Sports and FitnessAerobics

How to become flexible, exercise and stretching

Who among us does not dream of eternal youth. Youth is first and foremost a good condition of the body. And this means - muscle elasticity or flexibility. Flexibility is necessary for us throughout our lives. It should be developed from childhood. We make a huge number of movements every day. But unfortunately, with age, our flexibility becomes less and it is more difficult for us to accomplish many of them. With age, muscles decrease in size, become less strong. Therefore, the movements become more constrained.

In a flexible person, muscles are always in a tonus. The elasticity of muscles is very important for normal motor activity and youthfulness of the body. Old age is joint pain, bound motion, bent back. Therefore, in order to remain flexible until old age, it is necessary to regularly work on muscles and joints, stretching them and strengthening them.

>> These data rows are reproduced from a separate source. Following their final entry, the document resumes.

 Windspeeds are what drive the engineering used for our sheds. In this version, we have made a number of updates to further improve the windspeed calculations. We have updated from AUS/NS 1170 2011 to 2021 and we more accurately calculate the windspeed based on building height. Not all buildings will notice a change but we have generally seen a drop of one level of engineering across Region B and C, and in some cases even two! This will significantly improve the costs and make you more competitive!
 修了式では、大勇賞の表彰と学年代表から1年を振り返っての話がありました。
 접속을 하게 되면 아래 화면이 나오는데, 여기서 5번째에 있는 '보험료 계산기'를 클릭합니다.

How to become flexible? Many people would like to know this question. To begin with, you can test your flexibility. To do this, lean from the standing position and try to touch the floor with your hands. If you touched the palm completely and your back does not get sick and you do not feel uncomfortable - then you are in great shape, if the tips of your fingers - it's also nothing, and if you really can not reach it - then your flexibility requires training.

The flexibility of the body contributes to good posture, maintaining a good tone of the whole body.

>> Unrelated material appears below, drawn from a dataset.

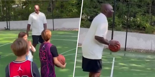 Watch a 'nervous' Michael Jordan take a free throw challenge

And yet, how to become flexible? Flexibility can be trained. There are ways to improve your flexibility. First of all, it is necessary to start at all with an increase in your motor activity. You need to do this for fitness or any kind of physical training: aerobics, pilates, jogging, walking. There are special exercises aimed specifically at stretching. But the stretching can not be done without warming up the muscles well. When performing aerobic or strength training, the muscles warm up, after which they stretch well. If you stretch without training, you can injure your muscles.

In our time, when we move very little - we go to work in a car or transport, we spend all day at the office at the office, and at home in front of the TV - it is very important that the muscles have additional training. We often do not think about the fact that our muscles are not subject to training, they can decrease and lose strength. And this is so. Exercise for flexibility should be done regularly, and then we do not face muscle and joint pain.

It is very important not only to know how to become flexible, but also to work on it constantly. This will prolong youth and will put an end to old age.

It is very important stretching the back muscles for a good condition of the spine. Its flexibility is the basis of the youth of the body. A healthy and strong backbone is the basis. Our spine should be in a good muscular corset. After all, back pain, osteochondrosis - these phenomena are familiar to almost every adult person. And strong and elastic muscles of the back will help him stay in good condition.

So all the same, what needs to be done and how to become flexible? What are the methods for achieving flexibility and plasticity? There are a lot of methods. One of the most popular are stretching and yoga.

The importance of yoga for flexibility is difficult to overestimate. This is the most popular and effective complex. Yoga is very conducive to the development of flexibility. It is very "soft". This complex was created for centuries. There are 84 thousand asanas in it. But you can choose several and, regularly performing them, the body can be put in order and make the muscles elastic.

Stretching in translation means stretching. The effect of stretching is just that it relaxes muscles after tension. In addition, there is a reduction in pain in the muscles and joints, joints and osteoporosis are prevented. Improves flexibility, posture. Stretching helps make the figure more slender.

Here are some stretching exercises.

  1. Stand upright, feet shoulder width apart, raise hands and stretch up your hands, keep your heels from the floor, stretch your back muscles, count to 10 and slowly bend down, trying to reach up to the floor with your hands.
  2. Standing, pull one knee to your chest with your hands. Hold and lower your leg. Repeat with the other leg.
  3. Sitting on the floor, stretching his legs forward, bend the body forward, hands trying to reach the socks. Hold this position for 10 accounts. And go back to the starting position.

Move more, do physical exercises, then stretch - and old age will not be terrible.